Data –
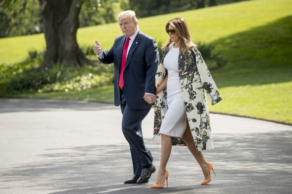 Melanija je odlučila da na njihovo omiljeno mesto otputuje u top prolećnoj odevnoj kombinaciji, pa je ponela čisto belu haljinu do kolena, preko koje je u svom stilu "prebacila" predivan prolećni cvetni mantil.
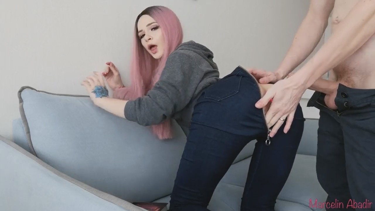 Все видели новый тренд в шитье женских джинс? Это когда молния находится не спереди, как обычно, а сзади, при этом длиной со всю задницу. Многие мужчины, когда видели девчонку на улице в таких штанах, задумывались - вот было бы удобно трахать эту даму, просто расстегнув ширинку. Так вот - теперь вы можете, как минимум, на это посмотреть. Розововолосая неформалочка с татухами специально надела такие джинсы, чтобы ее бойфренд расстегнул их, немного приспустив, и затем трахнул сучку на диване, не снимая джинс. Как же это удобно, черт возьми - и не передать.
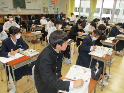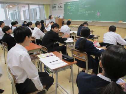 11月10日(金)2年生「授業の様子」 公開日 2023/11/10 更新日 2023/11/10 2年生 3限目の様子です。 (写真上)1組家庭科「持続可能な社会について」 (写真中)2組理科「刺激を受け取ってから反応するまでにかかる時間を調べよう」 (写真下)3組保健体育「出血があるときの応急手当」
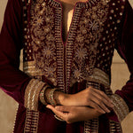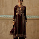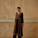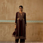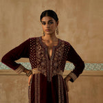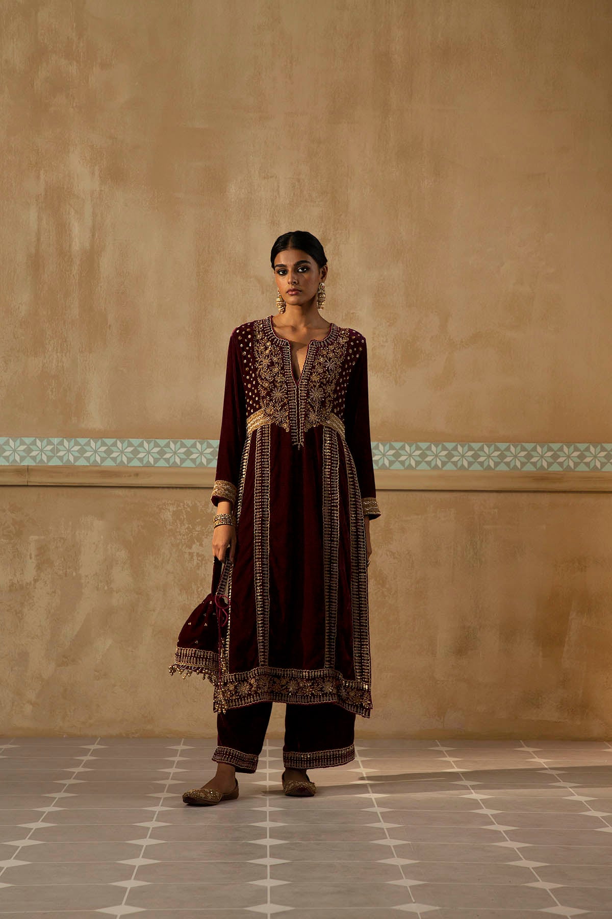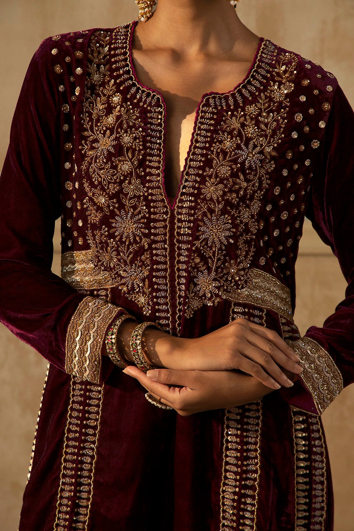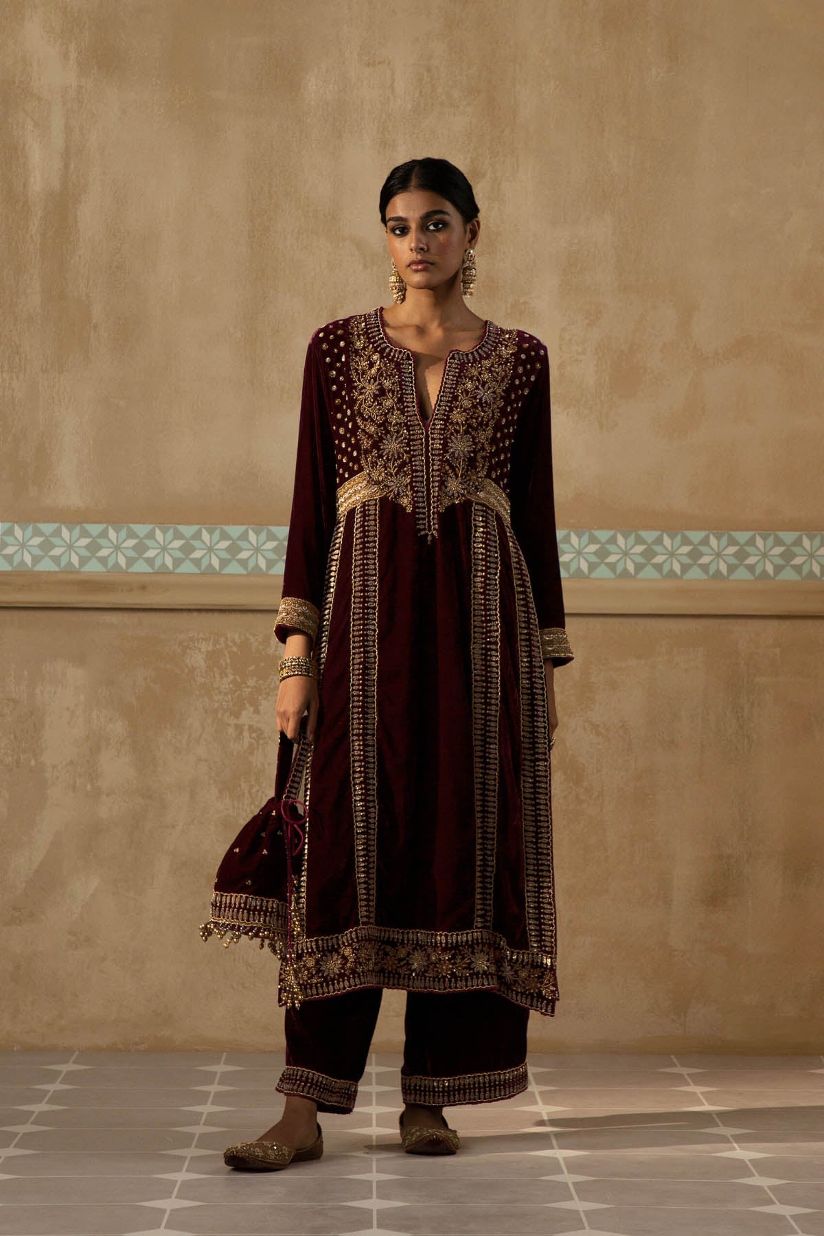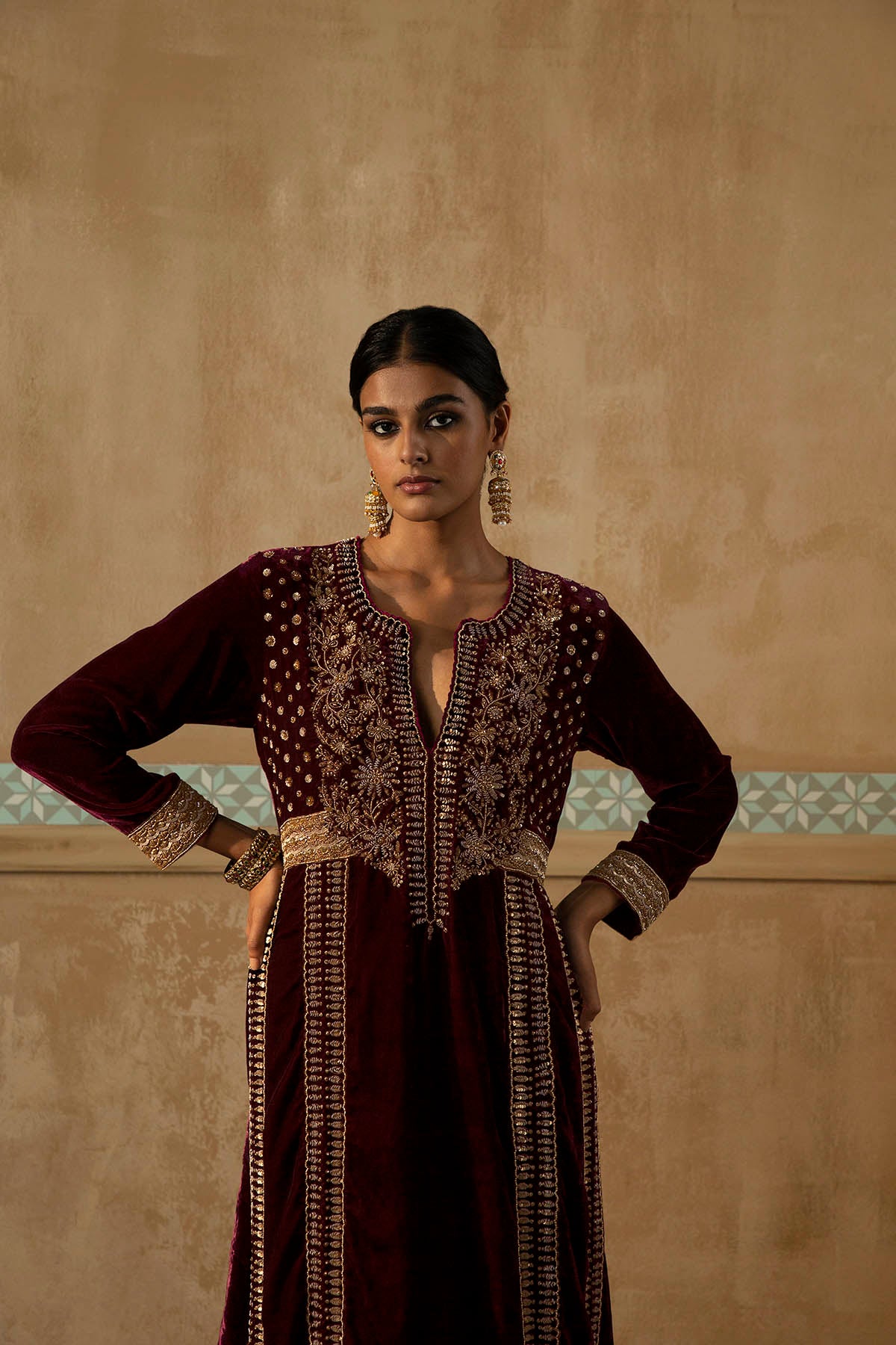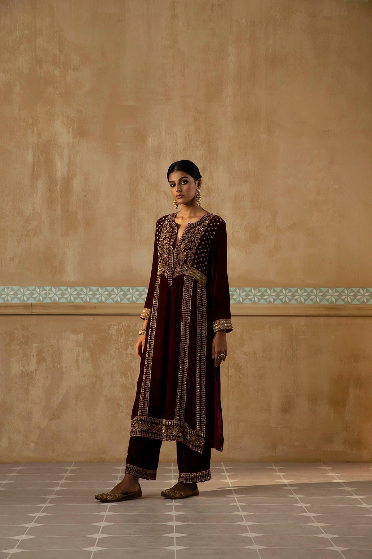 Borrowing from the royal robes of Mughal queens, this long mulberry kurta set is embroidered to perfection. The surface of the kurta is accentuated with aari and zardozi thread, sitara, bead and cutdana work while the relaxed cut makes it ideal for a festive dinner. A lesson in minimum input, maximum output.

What to do – The material above is to be set down exactly, with pictures removed.

Task response –
 Melanija je odlučila da na njihovo omiljeno mesto otputuje u top prolećnoj odevnoj kombinaciji, pa je ponela čisto belu haljinu do kolena, preko koje je u svom stilu "prebacila" predivan prolećni cvetni mantil.
 Все видели новый тренд в шитье женских джинс? Это когда молния находится не спереди, как обычно, а сзади, при этом длиной со всю задницу. Многие мужчины, когда видели девчонку на улице в таких штанах, задумывались - вот было бы удобно трахать эту даму, просто расстегнув ширинку. Так вот - теперь вы можете, как минимум, на это посмотреть. Розововолосая неформалочка с татухами специально надела такие джинсы, чтобы ее бойфренд расстегнул их, немного приспустив, и затем трахнул сучку на диване, не снимая джинс. Как же это удобно, черт возьми - и не передать.
 11月10日(金)2年生「授業の様子」 公開日 2023/11/10 更新日 2023/11/10 2年生 3限目の様子です。 (写真上)1組家庭科「持続可能な社会について」 (写真中)2組理科「刺激を受け取ってから反応するまでにかかる時間を調べよう」 (写真下)3組保健体育「出血があるときの応急手当」
 Borrowing from the royal robes of Mughal queens, this long mulberry kurta set is embroidered to perfection. The surface of the kurta is accentuated with aari and zardozi thread, sitara, bead and cutdana work while the relaxed cut makes it ideal for a festive dinner. A lesson in minimum input, maximum output.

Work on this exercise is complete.